Simple prétexte politicien pour, d’une part, tenter de prendre de vitesse le Gouvernement, qui, sur le fond, a engagé avec l’ensemble des forces sociales une concertation sur les réponses à apporter au problème de la répartition - M. le ministre nous l’a rappelé ce matin - et, d’autre part, donner l’écho aux propos tenus par Jacques Chirac lors de son allocution du 14 juillet ou, plus récemment, devant la Fédération internationale des personnes âgées, exhortant le Gouvernement à faire des choix de société concernant les retraites.

Si, aujourd’hui, les trois quarts des salariés s’inquiètent quant à l’avenir de nos régimes de retraite, c’est que tous sont très légitimement et profondément attachés au système de la répartition, système solidaire, juste, instauré en 1945 à la suite de la faillite - je vous le rappelle - mes chers collègues - des systèmes de capitalisation et qui, depuis, a largement fait les preuves de son efficacité et de ses vertus en termes de solidarité.

Même si de profondes inégalités perdurent, le revenu moyen des retraités est à peu près égal à celui des salariés. Pour autant, les retraités ne sont pas des nantis ! N’oublions pas qu’à plusieurs reprises ces derniers ont fait les frais de votre politique, messieurs de la droite sénatoriale !

Dois-je rappeler ici la nocivité des décisions prises depuis 1987 : la désindexation du calcul des retraites, l’allongement de 150 à 160 trimestres de la durée de cotisation ouvrant droit à une retraite à taux plein, la référence aux vingt-cinq dernières années et non plus aux dix meilleures comme base de calcul, ou les accords ARRCO-AGIRC ?

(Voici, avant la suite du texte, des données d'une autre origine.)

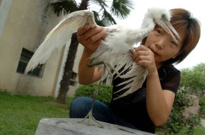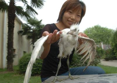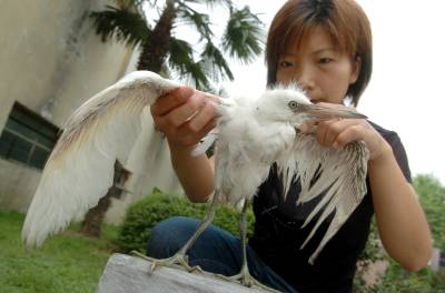 6月28日,襄樊动物园里的工作人员为一只白鹭检查伤口,并准备为其安排一次小手术。这只受伤的白鹭是前一天被襄城区特警在其训练场上发现的,小家伙被送到动物园时已经奄奄一息,在动物园工作人员精心的呵护下,小白鹭已经恢复了部分体力。
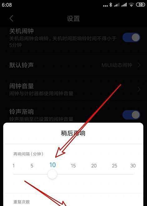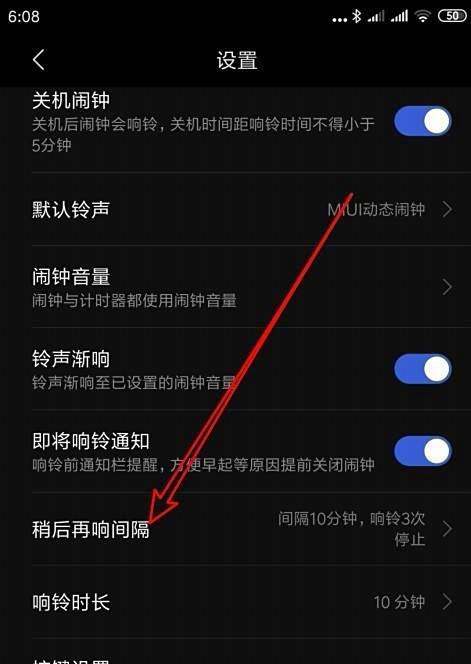 调整稍后再响间隔:在时钟设置页面中,找到并点击“稍后再响间隔”选项,进入时间间隔设置界面。

Vous avez beau jeu de constater qu’une partie des Français sont tentés de rechercher individuellement des réponses dans les produits financiers !

N’êtes-vous pas responsables de la situation actuelle, des problèmes conjoncturels de financement de la protection sociale ?

Votre logique de réduction du coût du travail, d’amenuisement continu de la contribution des entreprises n’a-t-elle pas fragilisé les comptes sociaux, le régime vieillesse notamment ?

A dessein, vous mettez en exergue le problème de la démographie. S’il est exact qu’en 2015 deux actifs cotiseront pour un retraité, alors qu’en 1930 le rapport était de quatre pour un, et qu’en plus, du fait de l’allongement de la durée de vie, la durée moyenne de la retraite se trouvera accrue par rapport à la période d’activité, vous négligez de présenter les dimensions économiques et sociales du problème.

Pourtant, le niveau et la qualité de l’emploi sont des éléments clés ! Pourquoi occulter le fait que si, la population réellement active se développe à un rythme soutenu, avec la création de plusieurs centaines de milliers d’emplois par an, le " choc démographique " pourra être amorti ? Vous connaissez pourtant aussi bien que moi les prévisions de croissance !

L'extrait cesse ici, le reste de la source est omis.